Police in Winter Haven, Florida, describe what happened when a man got off a local bus and then told the driver that he wanted to go to a new destination. The driver explained that he'd need to pay a new fare for that, of roughly 1.50 EUR. While the would-be passenger sat on a bench, the driver locked the bus and went on a break. When he returned, four minutes later, the agitated man took a run up to the bus, head-butting it. This broke a pane of glass in one of the doors and left him unconscious for a few seconds. He then thought for a moment and scurried off.

A couple in Raisin Township, Michigan, wanted to buy a pound of marijuana, and Michael Rafael Suarez was pleased to relieve them of the equivalent of about 2000 euros in exchange. When a traffic cop stopped him for running a stop sign after the exchange, another car pulled up, whose driver explained that Suarez and two accomplices had just robbed his girlfriend. Suarez explained: 'I didn't bring any weed. I brought a bag of dirty socks.'
Suarez's public defender reports that he has agreed to plead guilty of false pretences. The cash was recovered and will be subject to a civil drug seizure claim.
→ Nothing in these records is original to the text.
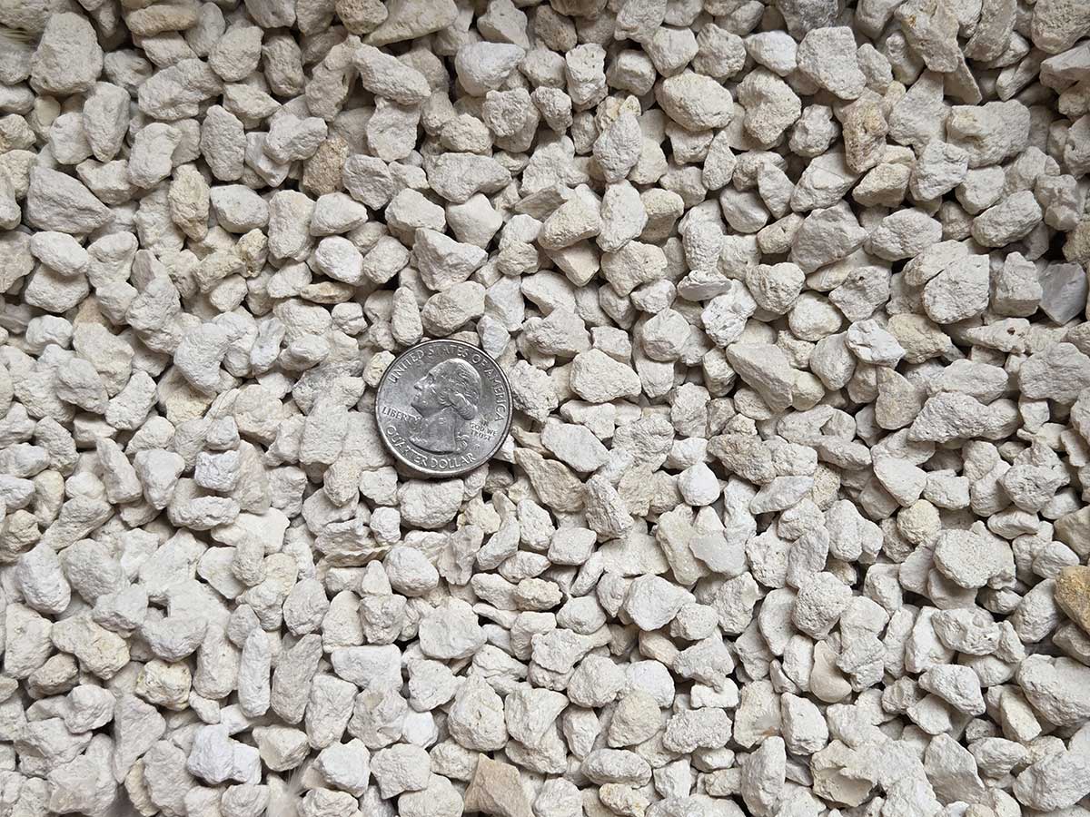 Small yellowish-white round stone about the size of a chickpea or smaller. This Florida native material is a cost-effective and popular choice for drainage, driveways, & parking lots. Please keep in mind: this product gets dusty.
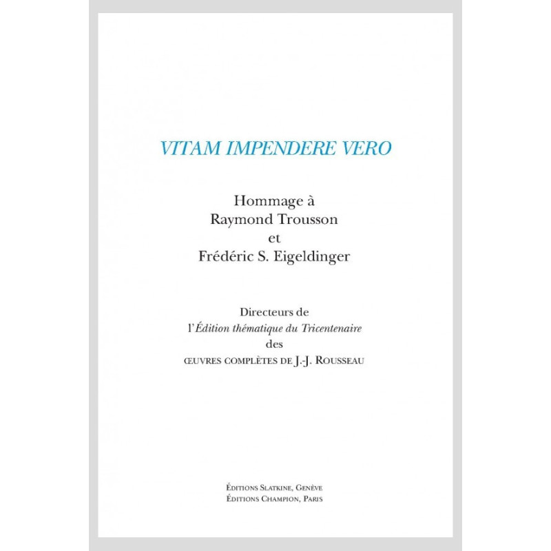 Hommage à Raymond Trousson et Frédéric S. Eigeldinger directeurs de l'édition thématique du Tricentenaire des OEuvres Complètes de J.-J. Rousseau
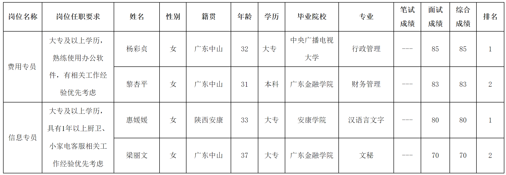 根據(jù)合肥長虹美菱生活電器有限公司發(fā)布的招聘公告及招聘相關(guān)規(guī)定,經(jīng)面試程序,現(xiàn)將筆試(面試)成績予以公示。
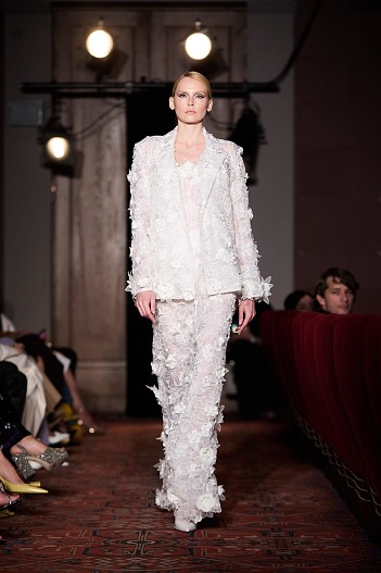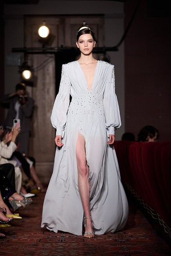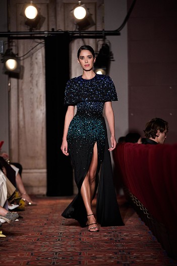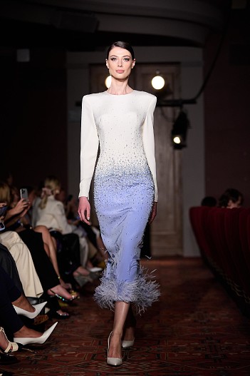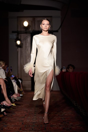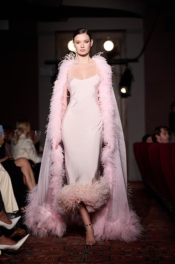 Дефиле началось с показа мини-фильма «История одного платья», который специально для бренда сняла режиссер Ксения Андрианова, спродюсировал Евгений Сангаджиев, а главную роль исполнила актриса Мария Ахметзянова. В этот вечер большой зал «Художественного» превратился в импровизированный подиум и под звуки музыки 60-х на ковровую дорожку кинотеатра вышли модели. Fashion show было разделено на три истории: первая часть — элегантные и лаконичные образы в пастельных оттенках, за ними блестящие платья и костюмы, идеально подходящие для коктейльных вечеринок, а в финале появились яркие летящие вечерние платья, завершил показ костюм невесты из белоснежных кружевных цветов. Основные материалы коллекции — натуральные шелка разной плотности: итальянский шелковый шифон, шелковый жоржет, шелк-кади, гофрированный шелк и шелковое кружево, которое эксклюзивно создавалось для бренда в Швейцарии на производстве Schlaepfer. В коллекции много ручной вышивки с использованием сияющих австрийских кристаллов, французских пайеток, бисера и стекляруса. Еще одним ярким акцентом коллекции стали перья на рукавах, подолах платьев и манжетах жакетов — крайне женственный элемент образов. «Эта коллекция мне особенно дорога. Работа над ней шла полтора года, и я ценю невероятный труд большой международной команды, где каждый является профессионалом своего дела, — прокомментировала Анастасия Задорина. — Я всегда уделяла особое внимание фактурам, деталям и качеству исполнения: мы используем ткани и фурнитуру лучших производителей, все вышивки выполнены вручную — каждая пайетка заботливо пришита нашими мастерами. В коллекции есть модели, изготовление которых заняло более 500 часов, и это действительно высокое искусство. Новую коллекцию можно назвать квинтэссенцией стиля Anastasia Zadorina, в ней много знаковых для нас силуэтов, цветов и вышивок. Для меня это воплощение того, каким должен быть современный кутюр». Показ посетили: Елена Перминова, Ксения Шипилова, Ксения Соловьёва, Екатерина Мухина, Сергей Капков, Полина Аскери, Алсу, Элина Джанибекян, Юлия Барановская, Сабина Ахмедова, Алеко, Алексей Сухарев, Николай Овечкин, Оксана Он, Ульяна Донскова, Виктория Синицына и другие.
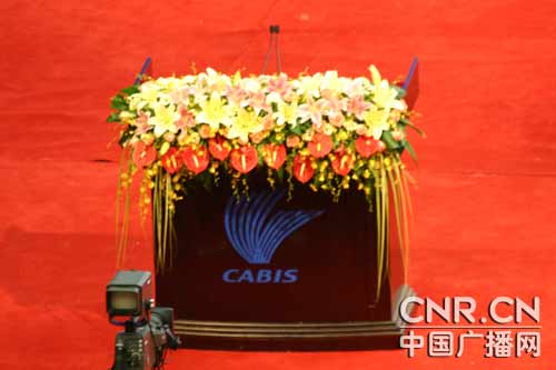 鮮花簇?fù)淼难葜v臺(tái)(中廣網(wǎng)記者董雯 攝)
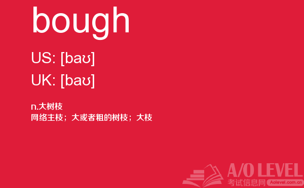 a-level(general certificate of education advanced level ),英国高中课程,是英国全民课程体系,是英国普通中等教育证书考试高级水平课程,也是英国学生的大学入学考试课程。今天alevel考试网小编给大家带来的alevel考试单词bough的详细介绍。希望大家能够认真的阅读。如果您想了解alevel写作真题,alevel写作分数,新加坡a水准报名费,新alevel等关于a-level考试的相关资讯,请继续浏览并关注课窝a/o-level考试网。
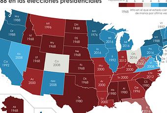No obstante, los swing states pueden ir cambiando en cada elección. Puede incluso que un estado considerado seguro para un partido empiece a estar disputado. Es el caso de Texas, un feudo republicano en el que las encuestas auguran un resultado ajustado en las elecciones de 2020. Pero el ejemplo paradigmático de swing state es Ohio: en las doce elecciones desde 1972 ha votado siempre por el candidato que acabó ganando, siete por el candidato republicano y cinco por el demócrata. Con Florida ocurre algo parecido: ningún candidato ha conseguido ser presidente sin ganar en este estado en las últimas doce elecciones, con la excepción de las de 1992.
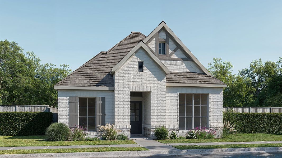 Welcoming porch opens into the entryway with a private home office enclosed by French doors. Across the hall are the secondary bedrooms featuring walk-in closets and a shared bathroom. The open family room is embraced by a wall of windows. The dining area has ample natural light and offers access to a covered side-yard patio. The kitchen hosts an island with built-in seating, a 5-burner gas cooktop, and a corner walk-in pantry. The primary bedroom is at the back of the home and has three large windows. French doors open into the primary bathroom which has dual vanities, a linen closet, a glass enclosed shower, and a large walk-in closet. The mud room and utility room are at the rear of the home for convenience and lead to the two-car garage.
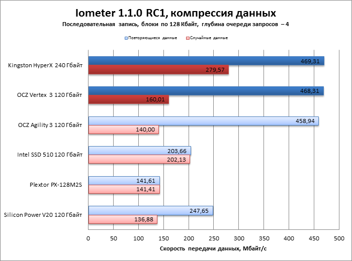 А вот и больное место всех накопителей на чипах SandForce — скорость записи рандомизированных данных. Алгоритм компрессии контроллера настолько эффективен, что при записи хорошо сжимаемого контента реальная пропускная способность flash-массива маскируется и устройство без особых потерь переживает даже отключение половины каналов, как в случае с 60-гигабайтными моделями. Со случайными данными или предварительно сжатыми файлами такой фокус не проходит, и проявляется колоссальная разница между 240-гигабайтным HyperX и OCZ Vertex 3 объемом 120 Гбайт.
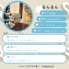 ボクはろぼ太。オーナーはひろちゃんだよ!ボクの名前の由来はろぼ太の「た」は、太陽の「た」だよ。ろぼふとしじゃないよぉ。なんだって。いい名前でしょ?ボクのお誕生日は2020年8月28日。今は東京都に住んでいるんだ♪ボクはひろちゃんからいつも一生懸命って思われてるみたい!得意なことはロブリック大喜利をが
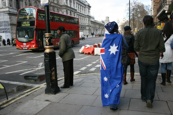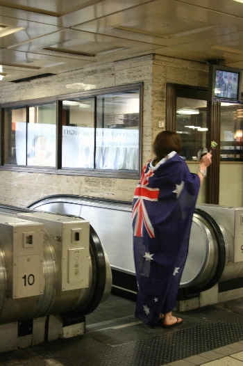 자세히 보니 영국 국기가 아닌 호주 국기다. 영국 연방 국가들은 다 유니언잭 문양을 국기에 포함하니까 두르고 다닐 수 있겠다 싶었지만, 굳이 런던 거리에서 국기 패션 워킹을 하는지 의아했다. 궁금증이 사라지기도 전에 지하철역에서도 호주 국기를 두르고 다니는 또 다른 여성을 발견했다.
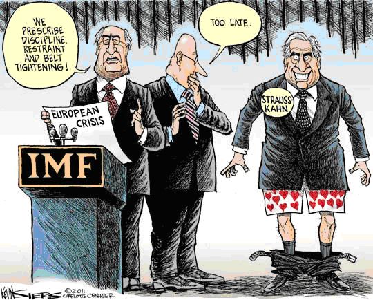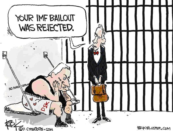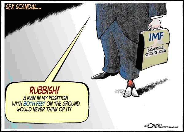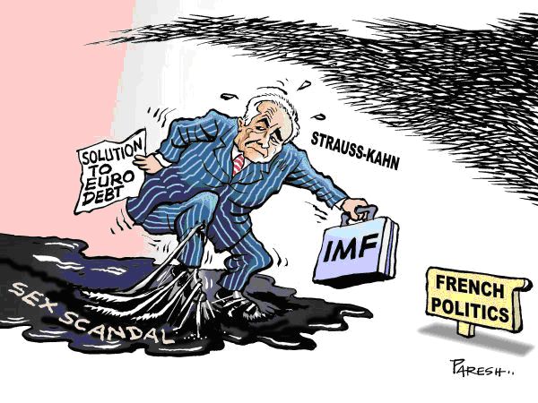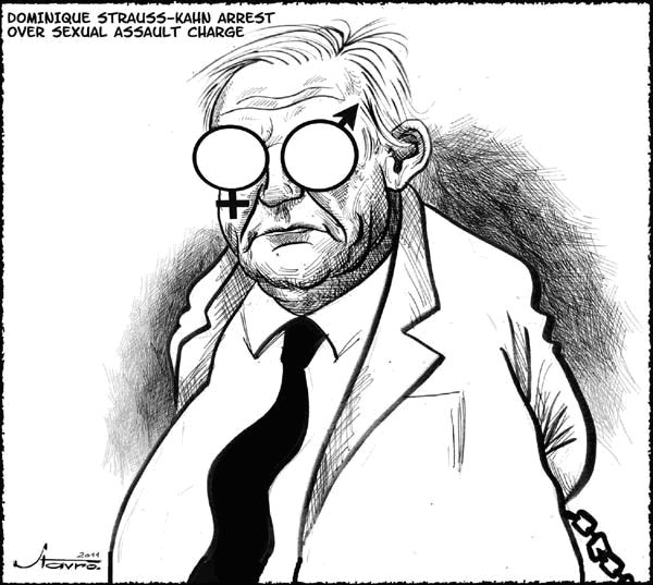 [email protected] El ex director gerente del Fondo Monetario Internacional (FMI), Dominique Strauss-Kahn, quien se perfilaba como el candidato presidencial como podía derrotar al actual mandatario de Francia, se declarará inocente de las acusaciones de crímenes sexuales que le imputa una camarera de un hotel de Nueva York. Este escándalo sexual ha sido el tema de caricaturistas editoriales alrededor del mundo.
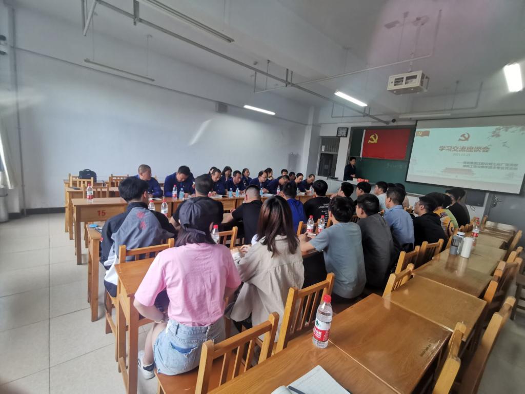 2021年5月25日下午,晋西集团江阳公司七分厂党支部部分党员来到中北大学,在15404H教室与弹药工程与爆炸技术专业党支部开展学习交流座谈会。
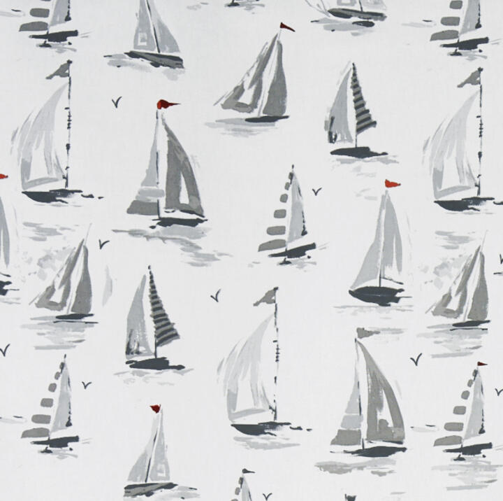 Een fraai maritiem gordijn, leverbaar in 3 kleuren. De lekker robuust geweven stof is warm wit van kleur en aan de voorzijde bedrukt met schilderachtige zeilbootjes. De blauwe en grijze variant heeft diep steenrood als accentkleur. De zeilbootjes zijn +/- 15 cm groot. Het is natuurlijk super leuk om dit thema met accessoires uit te breiden en evt. een accent blauwe of groene wand. De kwalitatief hoogwaardige stof valt soepel en kan desgewenst nog gevoerd worden. Zie jij de nieuwe kamer al voor je?
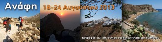18-24 Αυγούστου 2013 Αρχηγός: Ζουμπουλιά Βολωνάκη Πρόγραμμα Κυριακή 18-8-13 Aναχώρηση το απόγευμα από Ηράκλειο για Ανάφη. Άφιξη μετά από 3 ώρες, τακτοποίηση …
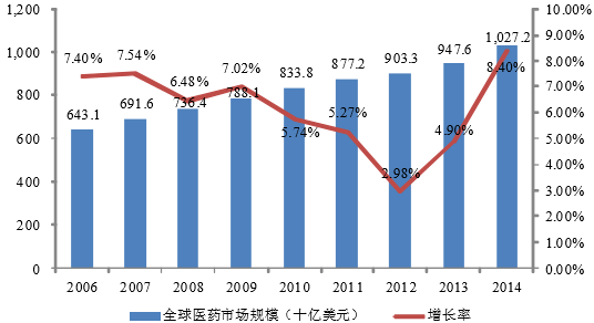 隨著經濟的發展、世界人口總量的增長和社會老齡化程度的提高,全球醫藥市場持續快速增長。盡管由于大量專利到期導致行業增速在2012年有所放緩,從2014年開始,全球藥品市場需求整體依然強勁,特別是新興市場的快速增長將繼續推動全球醫藥行業的發展。2006-2014年,全球醫藥市場規模及增長率如下
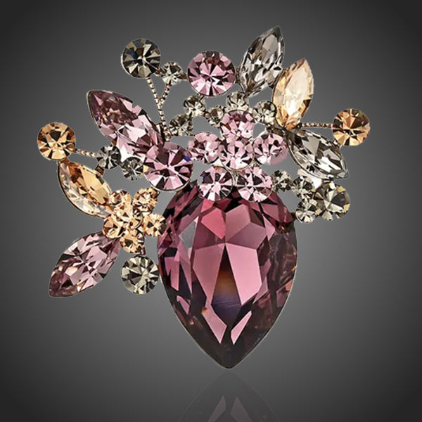 Luxusná nádherná brošňa s dominantným ružovofialovým krištáľom doplnená v záhone záhrady farebnými krištáľmi. Zachováva si dlhotrvajúci lesk a jas. Antialergické.
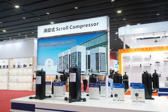 除家用空调外,美芝现场还展示了应用于T3工况(适用于最高环境温度52°C的热带气候)的家用及商用领域的转子式压缩机、涡旋式压缩机等产品。如针对中东等高温干燥地区的严苛运行环境,美芝针对性推出中东分体空调涡旋压缩机。在高温环境下,该压缩机制冷能力显著优于常规活塞机型,能效比高出6%~8%,保障用户在酷热季节的拥有舒适体验。
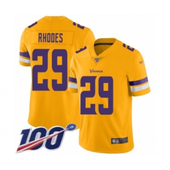 >Men's Minnesota Vikings #29 Xavier Rhodes Limited Gold Inverted Legend 100th Season Football Jersey
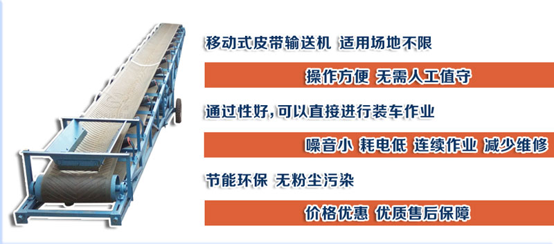 移動(dòng)皮帶輸送機(jī)適用于散狀物料或成件物品的短途運(yùn)輸和裝卸工作。轉(zhuǎn)動(dòng)裝置為電動(dòng)滾筒,并配有充氣輪胎和鋼輪兩種行走輪。機(jī)長(zhǎng)10米以上傾角可調(diào)。

A judge in Texarkana, Texas, offered 20-year-old Josten Bundy a choice: spend 15 days in jail for assaulting his girlfriend's ex-boyfriend or wed her, write lines (Bible verses), and attend counselling. He chose the latter option.
The bride's father is looking into possible charges of judicial misconduct, and the bride lamented that she didn't even have a white dress for her nuptials. The judge was not available for comment.

Back in late April, a woman returned to her home in Queens, New York, to find that the locks had been changed. The three men inside told her that they were working with the bank that holds the property's mortgage and told her to sign papers, including a deed transfer. Her husband, the holder of the deed, returned in May and had a locksmith with him. He discovered jewellery, cash, and other items missing. The three squatters who had changed the locks - Brandon Sestoso, 33; his brother Chas Sestoso, 31; and Jesse Kusinow, 32 - have been charged with burglary, criminal mischief, unlawful eviction, and criminal trespass.

The police were summoned to a bar in Apopka, Florida, where a four- and two-year-old child had been left unattended in a vehicle. As an officer with a body camera approached, the children's mother, 35-year-old April King, emerged from the bar and returned to the vehicle. There, she had the four-year-old boy blow into the breath-test unit that her husband had had installed in the car after her time in rehabilitation.
The husband, Doug King, said that he does not plan to bail her out of jail, explaining: 'I think this is the best thing for her. Rehab hasn't worked and she hasn't learned anything from it.'

Karina Kay Bourcy took a limousine to a shopping centre in Rochester, Minnesota, where she then stole a little over 200 euros' worth of items from a sporting goods shop. After a tussle with security officers, the 22-year-old Bourcy managed to escape and the police were called in to search the area. The driver of the limo asked officers about their mission. Recognising the description, he reported that his passenger from earlier had just called for a limo ride back to the Kahler Grand Hotel. Officers had only to tag along to the pick-up point and arrest her.